VICTORY. For the first time in the calendar year 2024, we walked away with all three points. But there’s no time for idle chitchat, as this post is late enough as it is. So let’s get to the numbers!
What Songs Were Played, and How Many Times?
Random observations: Welcome back, “Fuck Dallas, Fuck Frisco.” It’s been far too long, old friend.
No “McKalla” again, which is one more data point to suggest that it’s getting squeezed out in favor of newer songs. It’s still too early to definitively state that it’s been relegated to the “Colors” zone, but it’s seemingly on life support as a setlist stalwart.
A good rule of thumb is that (Austin goals + 1) usually equals the number of times “Alright Alright Alright” is played, but this week was one of the sad exceptions to the rule: the band was well into it when Jáder Obrian’s goal was disallowed.
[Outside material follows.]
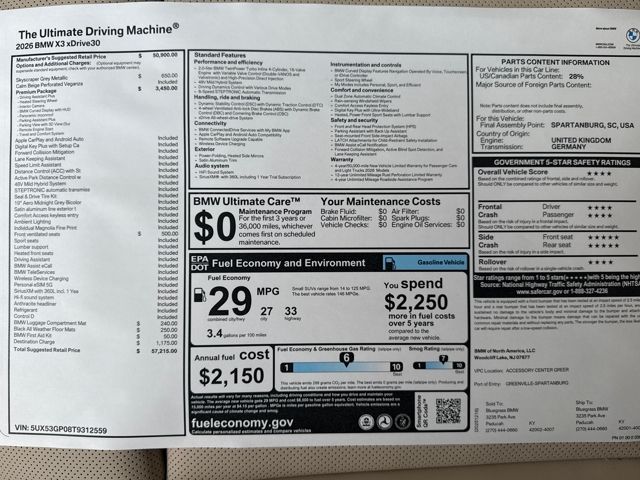2026 BMW X3 30 xDrive 8-Speed Automatic. 27/33 City/Highway MPG

We hate it when that happens.
In the last report we noted that forty-four renditions were played against Philadelphia, and that eight songs were played at least three times, both of which were seemingly unprecedented. Well, this week blew those paltry numbers out of the water: forty-eight renditions, and ten songs played more than thrice. That’s wild!
What Songs Were Playing When Austin Scored
Random observations: “Pepas” goals just hit different, y’know? Although sadly this goal wasn’t scored during the whooaaa-oooo-ooooahh part when the south end is going berserk, which (if memory serves) has only happened once or twice in team history.
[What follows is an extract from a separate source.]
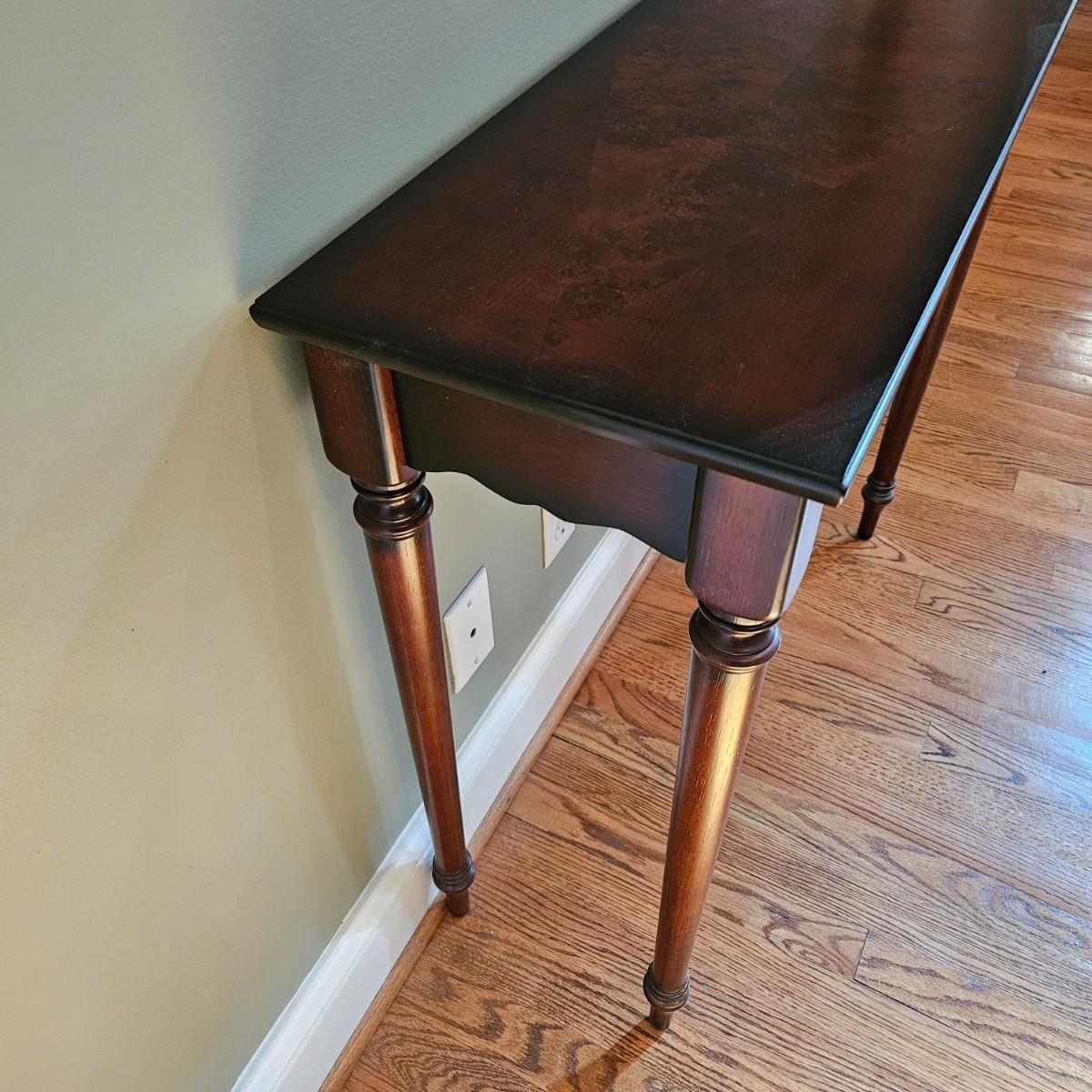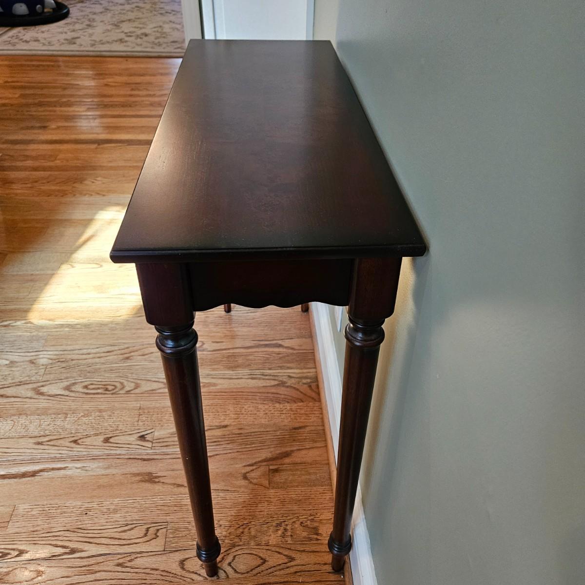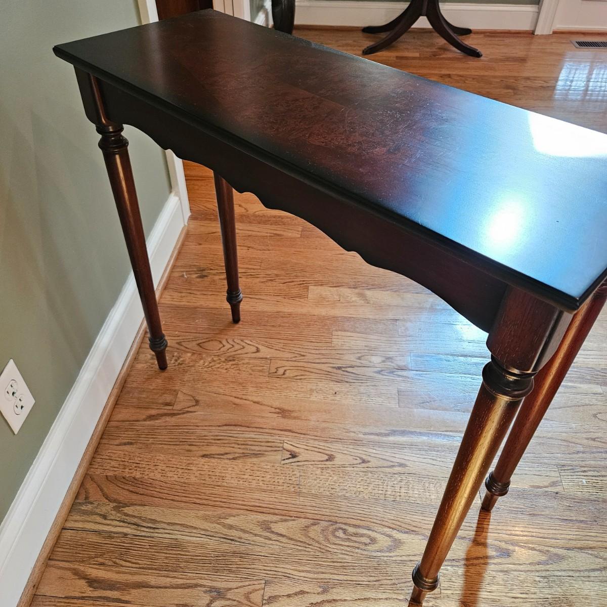 A Bombay small console table made of solid wood with a dark cherry finish. It measures approximately 32" x 12" x 29"H. Local pickup only
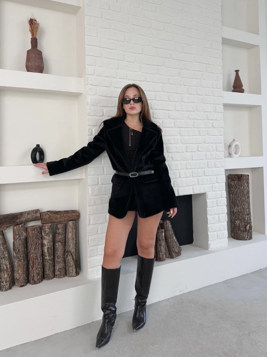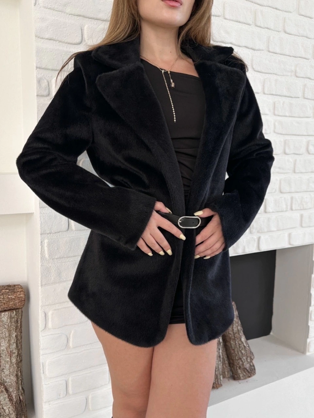 Kalpli peluş ceket içi astarlı siyahbeyaz

This is the first goal of the season for “Dale Austin,” which we liked to see. Ever since the 2022 season when it was the poster child for song futility, we’ve been rooting for it.
What Songs Were Playing When Frisco Scored
Random observations: Sigh. I guess we need to talk about “Feliz Feliz.” This is now three goals against it, out of ten times played. Those numbers by themselves are wretched, but when compounded by the irony of the lyrics to the song itself, it becomes a genuine tragedy. And it appears that La Murga is starting to feel the strain, as they very abruptly killed the song as soon as Frisco scored. We can’t recall a similar time when that’s happened. We were never ones to cater to the idea of curses (and indeed the impetus of the Murga Report was to dispel the fanciful notion that “McKalla” was a harbinger of bad tidings), but “Feliz Feliz” needs a vibe boost immediately or else things may get tense among the supporters.
Season Totals
Final Thoughts
It’s a great week to be “Pepas,” which now climbs to the top of the table based on Net Success Percentage (and is now the only song with multiple goal contributions on the season).
We’ve already talked about “Feliz Feliz,” and it’s probably worth remembering that it’s still early in the season, but still… it’s not that early anymore.
“Matador” keeps chugging along without a single goal (for or against) on its ledger, but now it’s been joined by both “Ole Ole Ola” and “Y Dale Austin (It’s a Heartache)” in the club of songs played 10+ times with no goal scoring events (although “Heartache” would have been off this list if Obrian’s goal had counted).
Oh, and we were going to type up a separate report for the US Open Cup match for all of you true Murga Report sickos out there, but it didn’t feel right to count those stats when the full Austin FC team wasn’t playing. So we’ll take a quick moment to say that Austin FC II scored during “Dale Austin” and “Tequila,” conceded during “Tequila” and “Let’s Go ATX,” lost the penalty shootout during “Matador,” and that Don Garber can go fuck himself for making a mockery of the USOC. We hope that next year we can actually field the senior squad and make those numbers count.